▸ TASK ITEM: Return only the lines below starting at the line containing "THIS PART PULLED" and ending at the line containing "5. SNMPv3 Settings: User", both included, exactly as they are and with no pictures.

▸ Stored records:
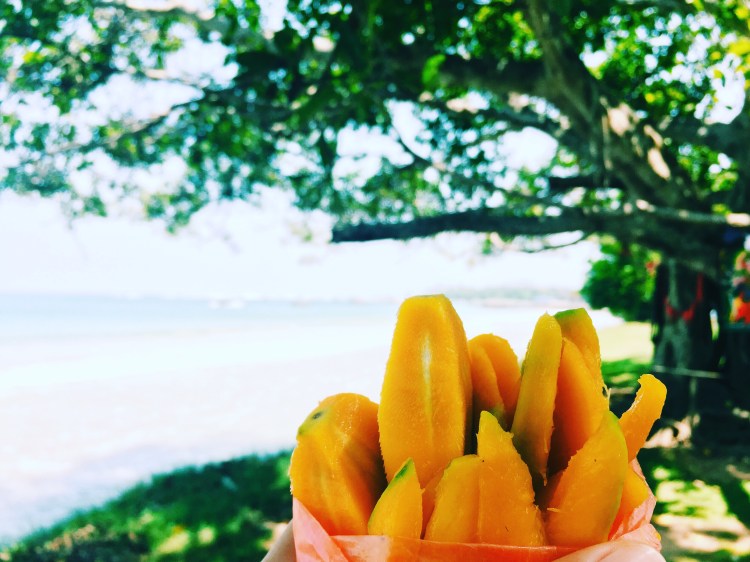 We went back to camp and chilled from 10-2 around the pool. The waves weren’t great until later so we had a little break. We ended up going back to Padang Padang and I was pretty exhausted and the waves were small so I only stayed out for an hour and came in. We all had a break and I bought a delicious banana pancake. I wasn’t feeling the afternoon sesh and took a nap on the beach until the group came back in. We went back to camp, chilled by the pool and got ready to go to Bingin beach to catch the sunset and have dinner. I rode on the back of Sev’s scooter and Ahmed and Rene had the other. The rest of the people went in a van. We grabbed some fresh grilled corn on the way down to the beach and watched the sunset in front of a restaurant called Lucky Fish. Half of the people bought fish there and the rest of us went to Kelly’s for burgers and smoothies. I ended up seeing two of the girls from the camp I had met a few days before so we caught up. Then we headed back up all the stairs to Cashew Tree- a cool outside bar with live music. The first guy who sang was so good and a bunch of little kids were dancing up front. We all sat on cushions and talked and headed out shortly after the second band started as they were more hard rock. We raced back and lost at the driveway which is a steep gravel road with rocks- I was okay with it as Ahmed flew down it. We played a bit of pool before we were sent to bed before 11 thanks to our early morning sesh at Balangan.
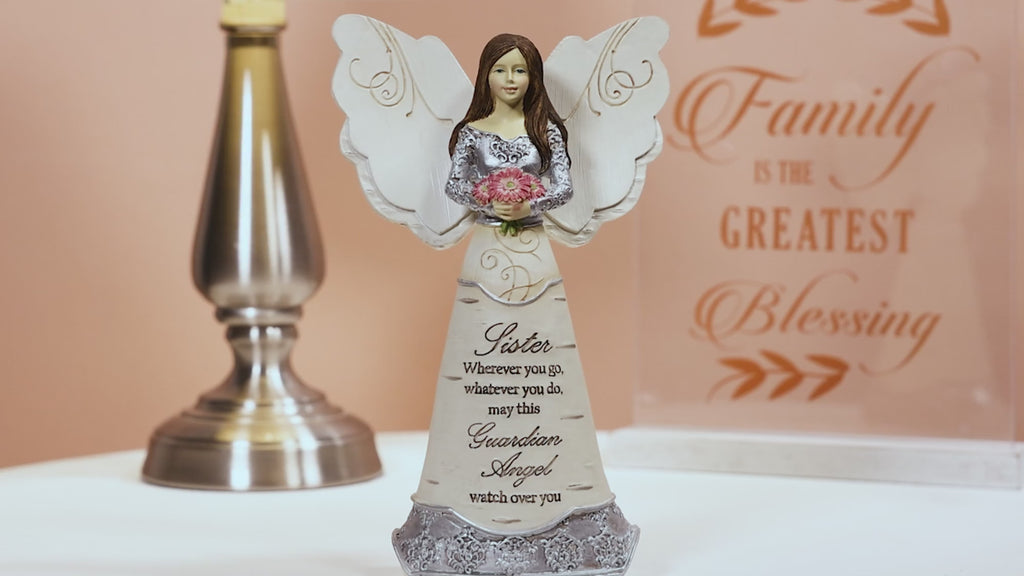 - IN-HOUSE DESIGN: "Sister Wherever You Go, Whatever You Do, May This Guardian Angel Watch Over You" text is debossed and painted onto the front of the angel, alongside an intricate silver design and flowers. The brown haired angel is holding a beautiful bouquet of pink flowers. There are foam pads on the bottom to prevent surfaces from being scratched.
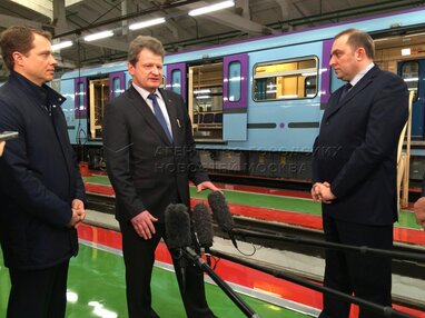 Заммэра Москвы, руководитель департамента транспорта и развития дорожной-инфраструктуры М.Ликсутов (слева), заместитель главного конструктора завода «Метровагонмаш» А.Зайцев (в центре), начальник Московского метрополитена Д.Пегов (справа)
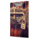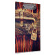 Rustic, dark stained wood door embellished with an antique, brass lock and bolt. Rustic, richly coloured and handsome. Personalise if you wish.
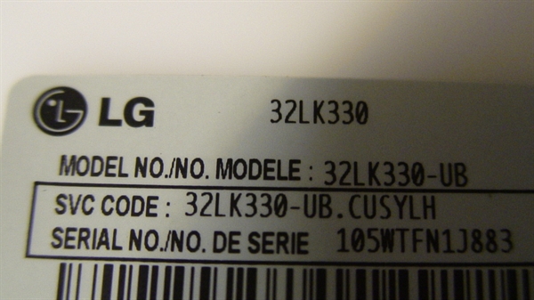 THIS PART PULLED FROM WORKING LG 32" LCD TV, MODEL # 32LK330, SVC CODE: 32LK330-UB.CUSYLH.
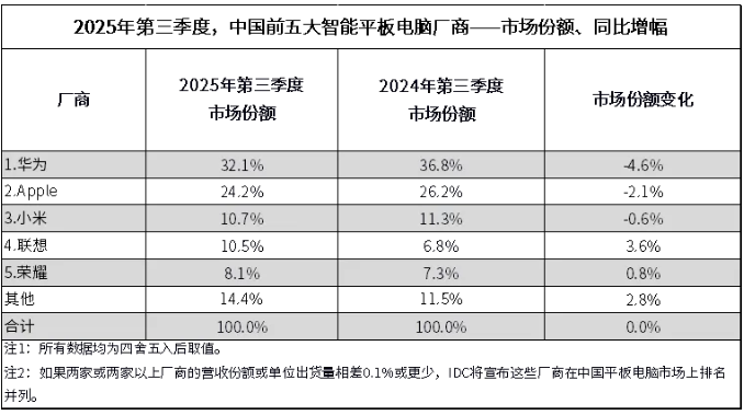 IDC 報(bào)告:2025 年 Q3 中國(guó)平板電腦市場(chǎng)出貨量 849 萬(wàn)臺(tái)同比增長(zhǎng) 10.9%,華為、蘋果、小米前三
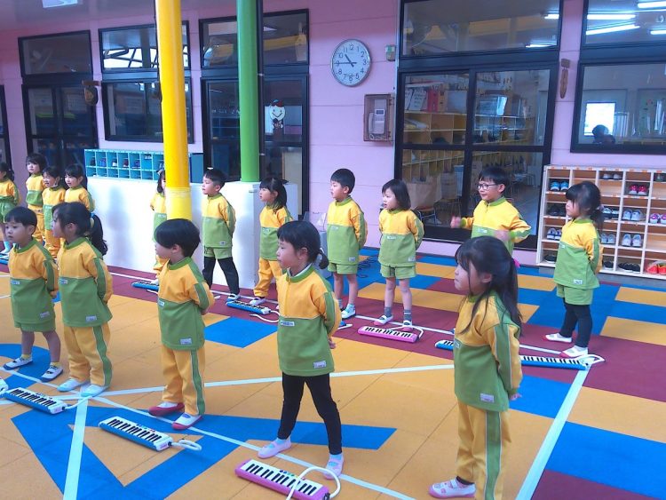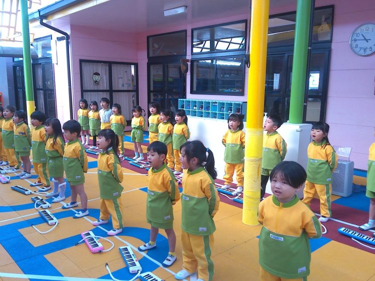年中さんが「フェスティバルの歌の練習」をしていました。衣装を着ていないということでパチリ!ずいぶん声が出てきました。本番が楽しみです。
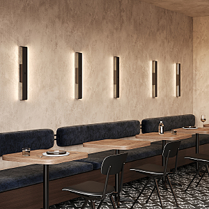 Алюминиевая арматура черного цвета с минимальным отступом от стены 45 мм. Три размера светильников, могут быть размещены как вертикально, так и горизонтально. LED-источник с трехступенчатым переключением температуры света 2700-3000-4000К и высоким CRI 90. Угол рассеивания 110град.. Сенсорный переключатель на корпусе с функцией диммирования. Создают эффект переотраженного света на стене. Предназначены для современного интерьера, обеспечивая как функциональное освещение, так и декоративный эффект.
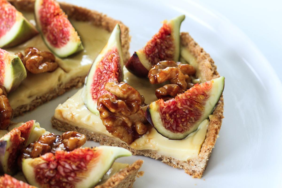 Tarta de higos y nueces caramelizadas, hecha con una base integral crocante, crema de vainilla suave, higos frescos y nueces.
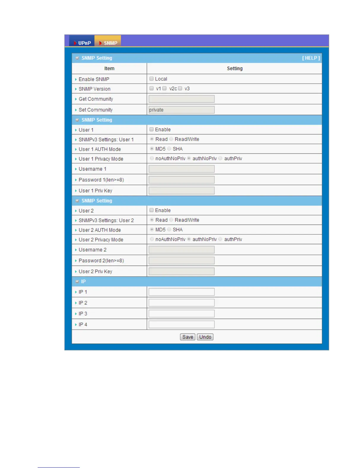 5. SNMPv3 Settings: User 1/2: This device supports up to two SNMP management
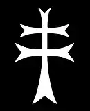Cette croix d'argent à double traverse, espèce de croix de Lorraine, était portée par les laïcs de la Confrérie et par les membres religieux de l'Ordre sur leur manteau (noir) et sur leur robe bleue "blème" (très pâle) ou leur soutane, bleu ciel et qui devint noire au XVe siècle.
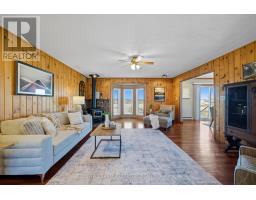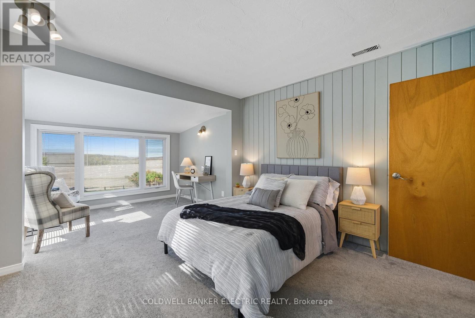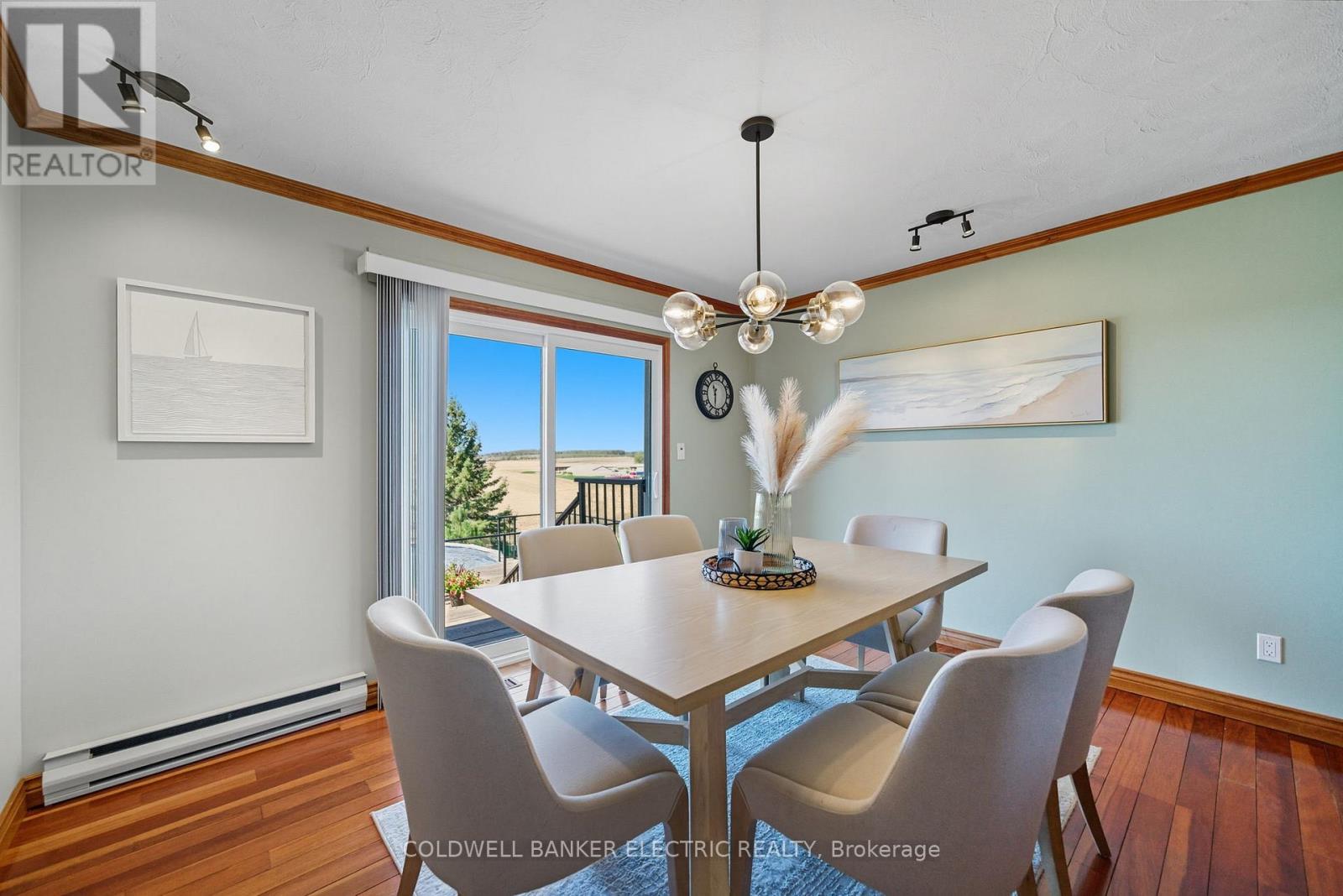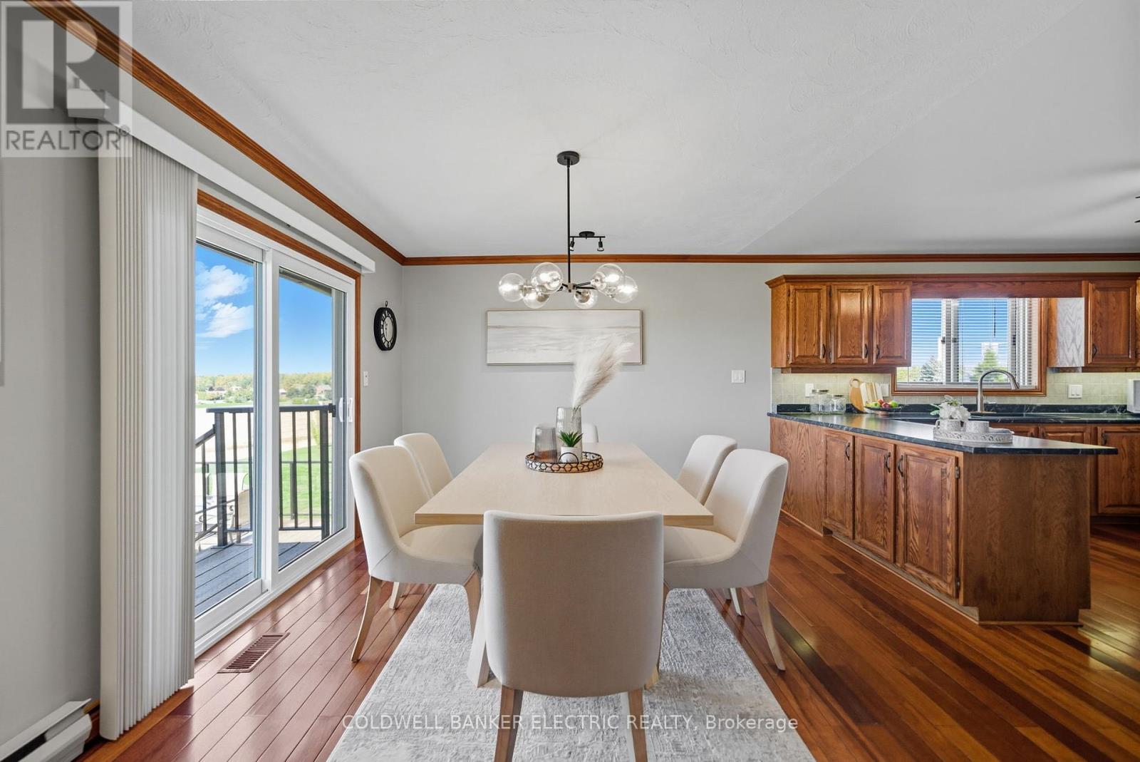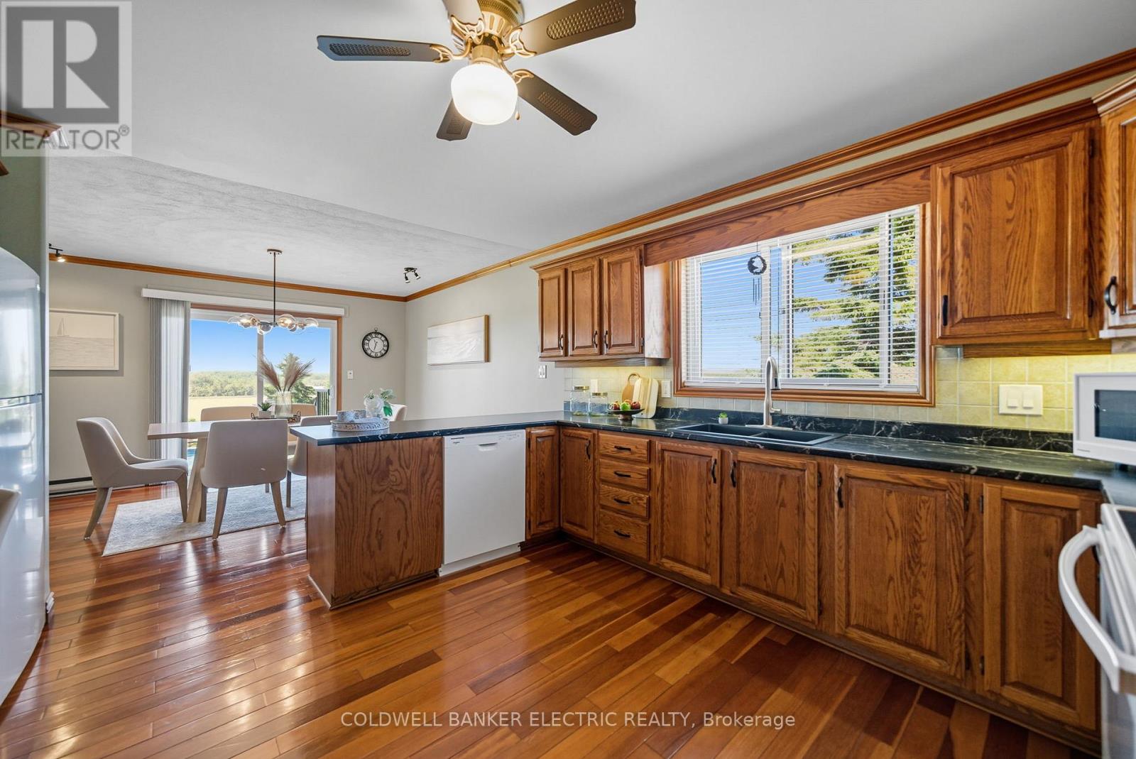 Enjoy cottage vibes without the cottage bills! This raised bungalow on Serpent Mounds Road offers a perfect balance of comfort, charm and practicality. With 3 + 2 bedrooms and 4 baths, you're getting dramatic rural panoramas and even glimpses of Rice Lake and just a minute (yes, I timed it) to the boat launch. Best part: no waterfront taxes, just pure lakeside joy. Step inside through a grand entry to the main floor, where gleaming Brazilian cherry wood floors shine. An oversized living room warmed by a wood stove features a heating redistribution system that sends cozy heat throughout the main floor, keeping you comfortable no matter where you are. The kitchen is both functional and generous: tons of cabinetry, a walk-in pantry, laundry room, plus direct access to the garage. The dining area leads out to a newer back deck (glass railings) overlooking a pool (liner replaced in 2025). Downstairs, the lower level is your custom-built chill zone: large family room with a stone gas fireplace, built-in hot tub for year-round relaxation, and two flexible rooms for bedrooms, office, hobby your choice. Outside, the fun continues: above-ground pool, fire pit, horseshoe pit, and wide open yard space for summer games or moonlit gatherings. The elevated lot gives you full 360-degree views, gorgeous sunsets, real wow moments. Location? Spot on. Close to Peterborough. Within walking reach of Keenes offerings: restaurant, pharmacy, LCBO / general store, library, school, medical centre, community centre with year-round events. Privacy, space and entertaining under one roof. A rare find near Rice Lake. (id:61423)

▸ TASK ANSWER:
 THIS PART PULLED FROM WORKING LG 32" LCD TV, MODEL # 32LK330, SVC CODE: 32LK330-UB.CUSYLH.
 IDC 報(bào)告:2025 年 Q3 中國(guó)平板電腦市場(chǎng)出貨量 849 萬(wàn)臺(tái)同比增長(zhǎng) 10.9%,華為、蘋果、小米前三
年中さんが「フェスティバルの歌の練習」をしていました。衣装を着ていないということでパチリ!ずいぶん声が出てきました。本番が楽しみです。
 Алюминиевая арматура черного цвета с минимальным отступом от стены 45 мм. Три размера светильников, могут быть размещены как вертикально, так и горизонтально. LED-источник с трехступенчатым переключением температуры света 2700-3000-4000К и высоким CRI 90. Угол рассеивания 110град.. Сенсорный переключатель на корпусе с функцией диммирования. Создают эффект переотраженного света на стене. Предназначены для современного интерьера, обеспечивая как функциональное освещение, так и декоративный эффект.
 Tarta de higos y nueces caramelizadas, hecha con una base integral crocante, crema de vainilla suave, higos frescos y nueces.
 5. SNMPv3 Settings: User 1/2: This device supports up to two SNMP management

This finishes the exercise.